Габриэль на минуту возвращается в дом, а после выносит оттуда два спальных мешка. В этот момент по радио играет песня «Козодоев».

– Первой купленной мной виниловой пластинкой был альбом Сэма Прайда.

Я поднимаю глаза на Габриэля.

– С обнаженной Китоми Ито на обложке? – уточняю я.

Габриэль кажется удивленным.

– Ну да, он самый, – слегка заикаясь, отвечает он.

– Я ее знаю.

– Да все знают эту обложку. – Он кладет один из спальных мешков у моих ног, а второй разворачивает по другую сторону костра.

– Нет, я знаю саму Китоми Ито. Я отвечала за продажу одной из ее картин. Точнее, за продажу картины с той самой обложки.

Габриэль пододвигает свой спальный мешок поближе к костру. Отблески пламени танцуют на его руках. Я замечаю, что он наливает в две стопки что-то, похожее на воду.

– Звучит интригующе, – говорит он, передавая мне одну из стопок. – Salud![60]

Мы чокаемся.

Следуя его примеру, я осушаю свою стопку в один глоток и чуть не задыхаюсь, потому что там определенно была не вода.

– Твою ж мать! – выдыхаю я. – Что это такое?

– Caña[61], – смеется Габриэль. – Ром из сахарного тростника. Стопроцентно натуральный. – Он приподнимается, опираясь на локти. – А теперь поведай мне, откуда ты знаешь жену Сэма Прайда.

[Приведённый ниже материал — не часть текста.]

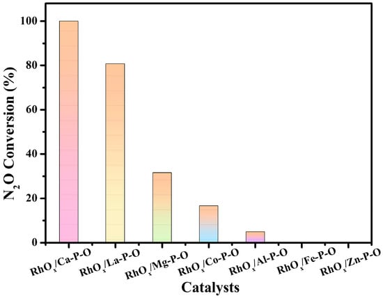 Non-oxide carriers have been reported to exhibit excellent catalytic activity in N2O decomposition when Rh is loaded onto them. Some carriers, such as HAP (Ca10(PO4)6(OH)2), exhibit much higher activity than SiO2, Al2O3, and TiO2. Huang et al. [] reported that the Rh/HAP catalyst exhibited good activity at a relatively low temperature, and N2O conversion reached 97% at 275 °C. The superiority of HAP over the other investigated supports could be ascribed to the generation of more basic sites and the stabilization of ultra-small Rh particles. Later, Huang et al. used a different synthetic method for HAP, leading to a Rh/HAP catalyst with enhanced catalytic activity. RhOx/M-P-O (M = Mg, Al, Ca, Fe, Co, Zn, La) catalysts were also prepared and tested []. The activity followed the trend of RhOx/Ca-P-O > RhOx/La-P-O > RhOx/Mg-P-O > RhOx/Co-P-O > RhOx/Al-P-O > RhOx/Fe-P-O > RhOx/Zn-P-O. The temperature of RhOx/Ca-P-O regarding the complete conversion of N2O reached 300 °C (Figure 3). Other metal phosphate-supported Rh (Rh/LaPO4 [] and Rh/CePO4 []) catalysts have also been studied.

Я рассказываю ему историю своих отношений с Китоми, умалчивая о том, что последний с ней разговор, возможно, стоил мне повышения, если не работы. Закончив свой рассказ, я поднимаю глаза и встречаюсь с озадаченным взглядом Габриэля.

– Значит, твоя работа состоит в том, чтобы продавать произведения искусства других людей? – спрашивает он, и я киваю. – А что насчет твоих собственных произведений?

Я немного удивлена.

– О, я не художник, – мотаю я головой. – Я магистр гуманитарных наук в сфере истории искусств.

– Что это значит?

– Что я обладаю бесполезным тайным знанием.

– Сомневаюсь…

– Моя магистерская была посвящена изображениям святых и их смерти.

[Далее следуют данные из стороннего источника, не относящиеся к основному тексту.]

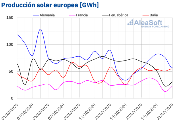La producción solar promedio entre el lunes y el miércoles de la cuarta semana de octubre, aumentó un 23% en el mercado alemán y un 19% en el mercado italiano en comparación con el promedio de la semana anterior. Por el contrario, en la península ibérica disminuyó un 51% y en el mercado francés un 22%.

– Может быть, чудесный медальон не так уж не к месту, – смеется Габриэль.

Я протягиваю ему стопку для очередной порции рома.

– Ну тогда тебе следует знать, что великомученица Марина Антиохийская, которую бросили на съедение дракону, как правило, изображается вместе с ним, святой Петр-мученик – с тесаком в голове, а святая Луция Сиракузская, покровительница слепых, – несущей на блюде свои глаза. Ах да, святой Николай Чудотворец…

– Санта-Клаус? – Габриэль наливает мне еще рома.

– Он самый. Его часто изображают с тремя золотыми шариками, похожими на конфеты, но на самом деле это золото, которое он даровал трем бесприданницам.

Габриэль кажется удивленным.

– Счастливого Рождества! – говорит он, приподнимая свою стопку.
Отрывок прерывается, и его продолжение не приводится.